Sürgünden Sahneye Dönen Günah Keçisi: İo
Verda HabifBu çalışma Studio Oyuncuları’nın 13 Kasım 2019’da 23. İstanbul Tiyatro Festivali’nin açılış oyunu olarak ilk defa gösterimini yapan ve kaynağını Grek mitlerinden alan İo oyununun tarih, şiddet, bellek, mitoloji ve güç ilişkileri bağlamında metnine ve sahnelenmesine dair dramaturjik bir analizini sunar. Bu analizin bağlamını oluşturan olgularla ilgili düşüncelerini geniş bir perspektif içinde ortaya koyan antropolog ve düşünür René Girard’ın sunduğu trajik kavramının bileşenleri arasında bulunan günah keçisi ve kurban olguları İo mitleri ile İo oyunu arasında dramaturjik bir patika çizmek için bu çözümlemede temel alınmıştır. Bu şekilde, İo’nun metni ve sahnelemesi aracılığıyla tarihsel bilincin anlatılar ve söylemler aracılığıyla toplumlarda şiddeti meşrulaştıran bir mekanizmaya dönüşmesini eleştiriye açtığı ortaya konmaktadır.
Exiled Scapegoat Returns to the Stage: Io
Verda HabifThis article presents a dramaturgical analysis of Studio Oyuncuları’s most recent play based on Greek mythology. Io, themed on history, violence, memory, mythology, and power relations, premiered on November 13, 2019, as the inaugural stage offering of the 23rd Istanbul Theater Festival. The study’s analysis was grounded in anthropologist and philosopher René Girard’s postulation of the concepts of scapegoat and sacrifice as components of the notion of tragic. A dramaturgical path was thus constructed between the Io myths and the play. The study outcomes revealed that the text and staging of Io enable criticism of the transformation of historical consciousness into a mechanism of narratives and discourses that legitimize violence in societies.

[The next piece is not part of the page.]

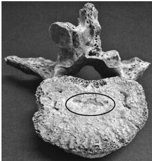
Fig. 2. Nódulo de Schmorl na superfície inferior do corpo de L3, indivíduo masculino - Sambaqui Zé Espinho (RJ).
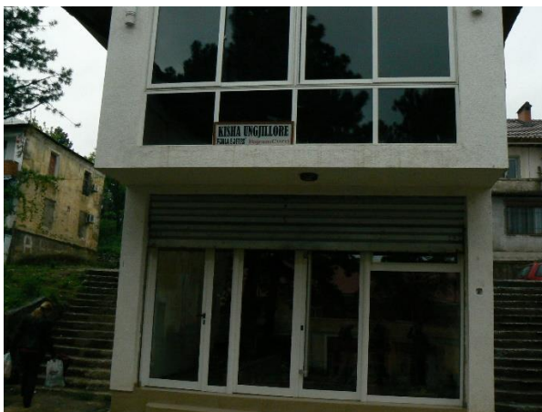
Nieuwe kerkgebouw van gemeente in Bajram Curri, centraal gelegen aan de hoofdstraat.

Studio Oyuncuları’s most recent production Io premiered on November 13, 2019, as the inaugural stage offering of the 23rd Istanbul Theater Festival. The staging of this play and its present-day text based on Greek myths challenges the mythological narratives of the West. Io is a nymph known in classical mythological texts as the princess of Argos and daughter of the river god Inachus. The play discusses concepts emanating from the revelation of biases in representations of the tragic hero Io by reconsidering the narratives based on her character. In this context, the idea of the tragic from the contemporary point of view and the political significance of revisiting myths and reviewing their functions in structuring societies are discussed via artistic performance.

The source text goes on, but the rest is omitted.